0

I want to overload a method, based only on template argument (which is a type), without passing any method arguments. For that, I use code like this (simplified, of course) in C++17:

template<typename T>
class C {
    public:
        auto f() const {
            return f((T*) nullptr);
        }
    private:
        int f(int *) const {
            return 42;
        }
        std::string f(std::string *) const {
            return "hello";
        }
        std::vector<char> f(std::vector<char> *) const {
            return {'h', 'i'};
        }
};

dump(C<int>().f());
dump(C<std::string>().f());
dump(C<std::vector<char>>().f());

, which outputs:

42

"hello"

std::vector{'h', 'i'}

I am not a professional C++ developer, and this way looks hack-ish to me. Is there a better way to overload method f without using pointers as helper arguments? Or is this a "normal" solution?

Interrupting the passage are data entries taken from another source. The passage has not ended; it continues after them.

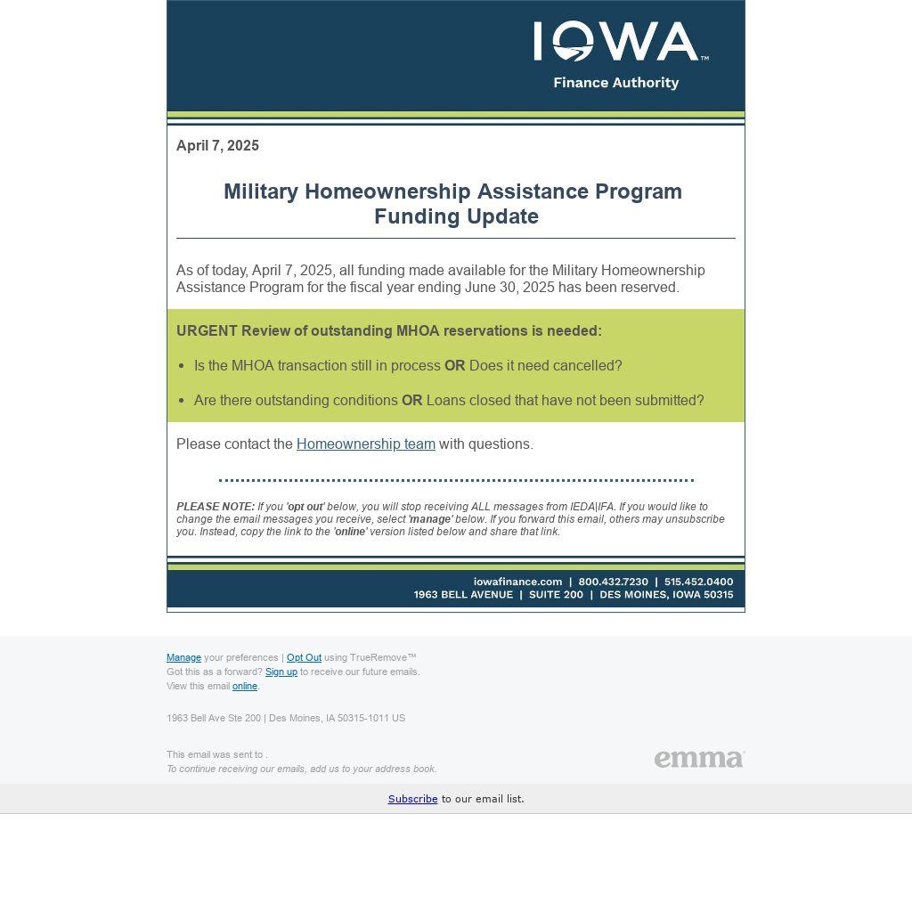 As of today, April 7, 2025, all funding made available for the Military Homeownership Assistance Program for the fiscal year ending June 30, 2025 has been reserved.
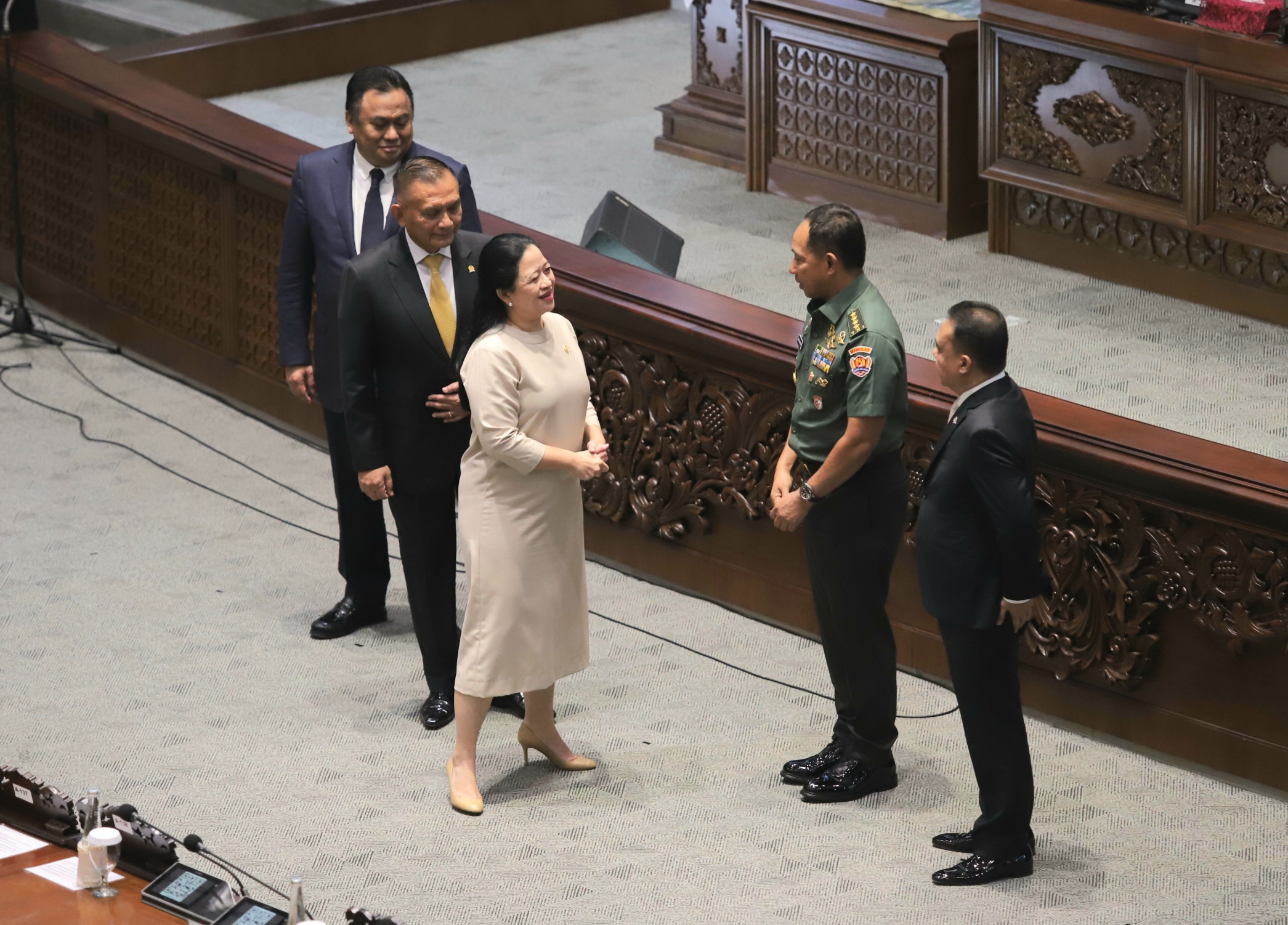 Rapat paripurna itu dipimpin langsung oleh Ketua DPR RI Puan Maharani. Awalnya, Ketua Komisi I DPR RI Meutya Hafid melaporkan hasil uji kelayakan dan kepatutan calon Panglima TNI.
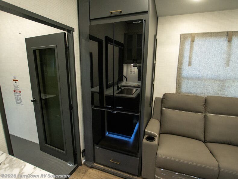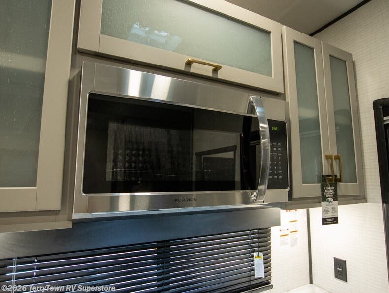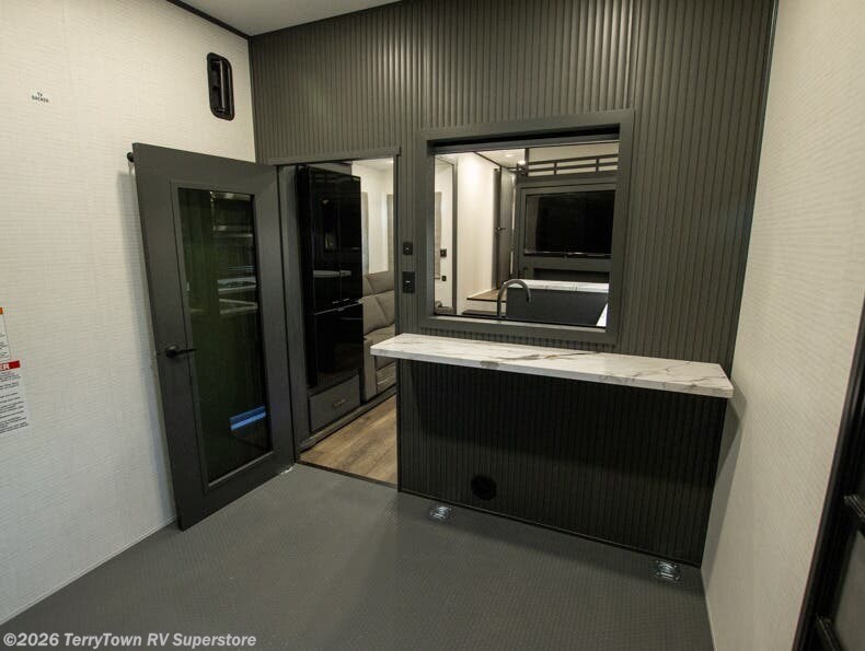 You'll love every minute spent in this double slide out, double entry fifth wheel! Your guests will have the 13' 6" separate garage all to themselves once the toys are unloaded, and here you'll find dual sofa sleepers with a Euro queen bed above. There is also a removable dinette table where you can enjoy a cold drink at when you have the 1,500 lb. capacity patio deck set up! Head to the combined kitchen and living area to relax on the sofa slide out while the cook prepares dinner. There is also a hidden pantry here you are sure to appreciate! The dual entry bath will create a front master bedroom, complete with a queen bed, dual nightstands and wardrobes, plus a wardrobe slide out for added storage and space!
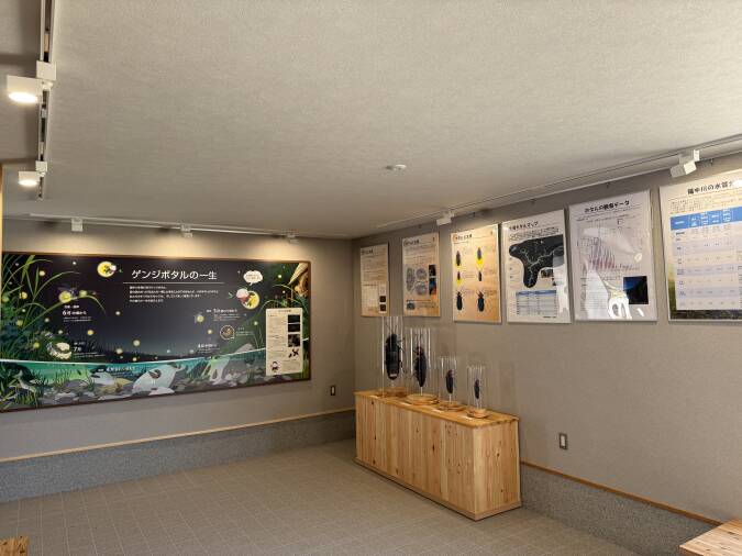 公園内にはホタルの一生を説明した模型や写真の展示もあります。
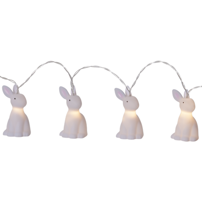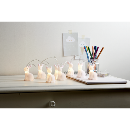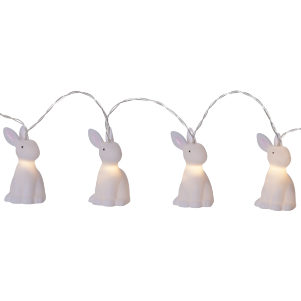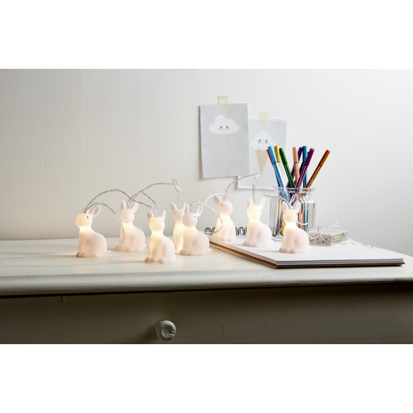 Sød sløjfe med 10 kaniner tændt i LED-lys. Dejligt at have i børneværelset. Den indbyggede timer gør det let at indstille, hvornår lyssløjfen skal lyse. Betjenes med 3 stk. AA-batterier. Batterier medfølger ikke.
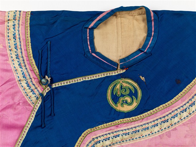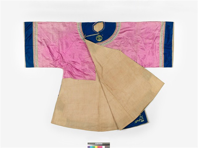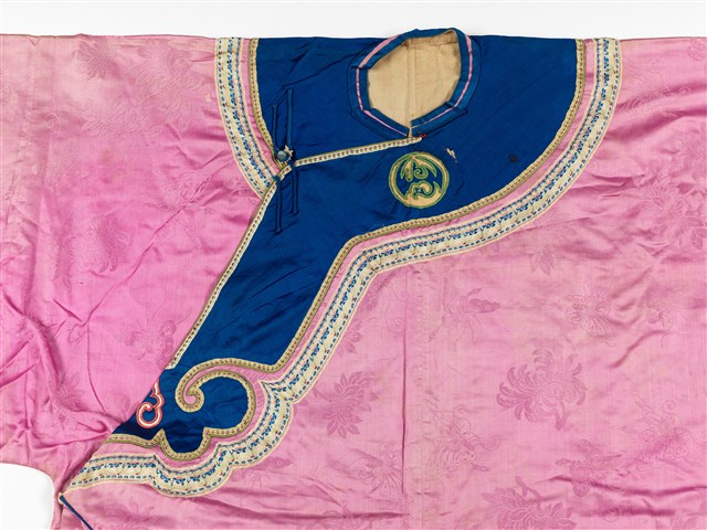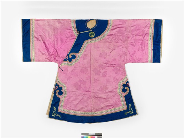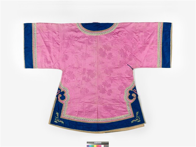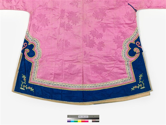 2003.008.0261 粉紅絲質緹花大襟鑲緄女衫

P.S.: I'm not bonded to any particular C++ version.

Oleksandr Boiko
  • 182
  • 3
  • 9
  • 3
    Are you just looking to make a free function template? – Nathan Pierson Nov 30 '21 at 21:18
  • 4
    What's tough to know is if you actually want templates or not. Is it just three types? Do they need to behave differently for every type? Templates are great when the behavior is generic enough for *most* types. If you have to specialize every type, templates are unnecessary bloat. – sweenish Nov 30 '21 at 21:20
  • 3
    This has all the signs of an [XY problem](https://en.wikipedia.org/wiki/XY_problem) – Ted Lyngmo Nov 30 '21 at 21:25
  • 1
    It's difficult to help you because it's not clear to use what you want to achieve. As others have said, you could achieve the specific goal you've described without even having the class. – einpoklum Nov 30 '21 at 21:30
  • The modern way to do this is to use `if constexpr (std::is_same_v) ...` – Osyotr Nov 30 '21 at 21:33
  • 1
    @Genjutsu That's the C++17 way. Now there's also a C++20 way. – aschepler Nov 30 '21 at 21:33
  • @aschepler concepts, huh? I don't see how they can make things clearer. – Osyotr Nov 30 '21 at 21:36
  • @Genjutsu: You can split your functions up into actual functions with concepts/constraints instead of clumping all the impls into the same method. – AndyG Nov 30 '21 at 21:39
  • Sorry for confusions, probably I oversimplified my original case, so that the question is not really clear. Anyway, I think current @aschepler's answer gives me what I've searched for – Oleksandr Boiko Nov 30 '21 at 22:03

1 Answers1

2

(The comments on the question raise some valid questions about why you would have this. But just focusing on the question as asked.)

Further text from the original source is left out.